Однажды, проснувшись до побудки, я увидела, что Татьянка тоже не спит. Лежит, повернувшись ко мне лицом, рассматривает меня. Мне не хотелось заговаривать первой. Я ждала.
— Ты моя мама? — спросила Татьянка, и маленькая ее ладошка прикоснулась к моей щеке,
— Нет, Татьянка, разве ты забыла? Твоя мама — Катя. А я Марина. Помнишь меня?
Ничего не ответив, она закрыла глаза. Повернулась на другой бок. Некоторое время лежала молча. Потом спросила, все так же не поворачиваясь ко мне:
— А де Толик?
Я давно ждала, что она меня спросит о Толике. И придумала, как ответить.
— Толик в школе! — бодро сказала я, тщательно избегая слов «увезли», «уехал»… — Толик в школе. Он ведь уже большой. Учится.

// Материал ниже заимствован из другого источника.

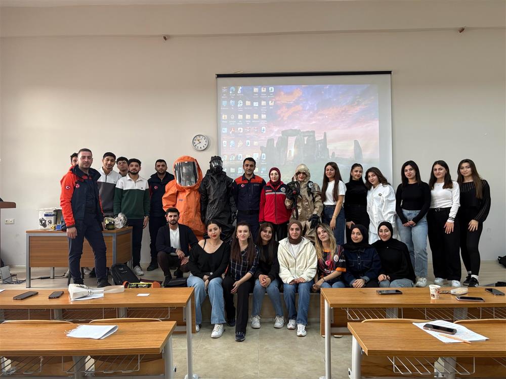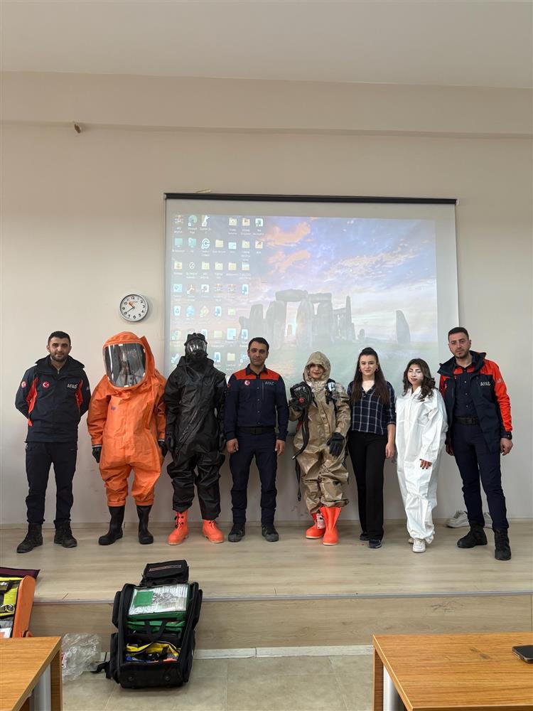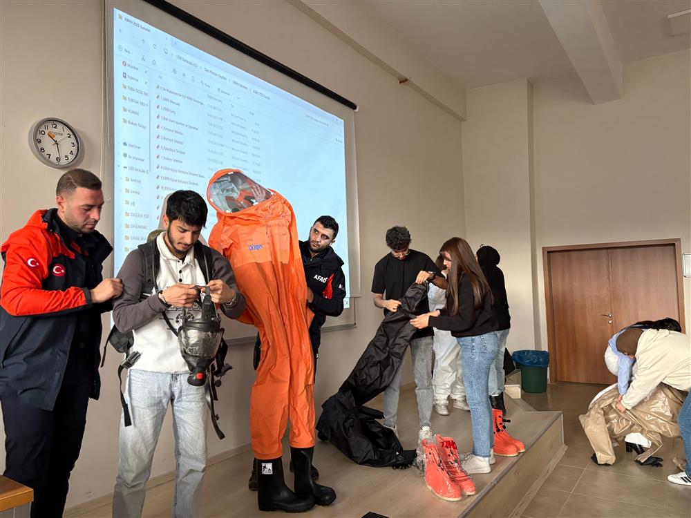 Program çerçevesinde ayrıca, KBRN olaylarında kullanılan kişisel koruyucu ekipmanların (KKE) doğru kullanımı uygulamalı olarak gösterildi. Öğrenciler, koruyucu ekipmanların giyilmesi ve çıkarılması süreçlerini birebir deneyimleme fırsatı buldu. Bu sayede olası bir afet veya acil durumda bilinçli ve hızlı hareket edebilme yetkinliklerinin artırılması hedeflendi.

И на это Татьянка ничего не ответила. Лежала, по-прежнему отвернувшись от меня. Но когда я, натянув одежду, собиралась соскочить с нар, она сказала:
— Спалили Толика? Да?
Сказала так спокойно и обреченно, что у меня мурашки пошли по коже.
— Что ты выдумала, Татьянка! Толик в школе!
Она опять ничего не ответила. Притворилась, что спит.
Вот теперь, когда Татьянка начала выздоравливать, заметно стало, как она изменилась. Не только внешне, хотя внешне изменилась она разительно. Была такая кругленькая, даже первые месяцы в Освенциме. А теперь как будто вся истончилась, истаяла до прозрачности, до того, что просматривались косточки. Но еще страшнее казалось мне то, что стала она безучастной ко всему. Ее ничто не могло развеселить, ничто не радовало.
Когда выдавалась минута, я рассказывала ей сказки, те же, что и в тюрьме.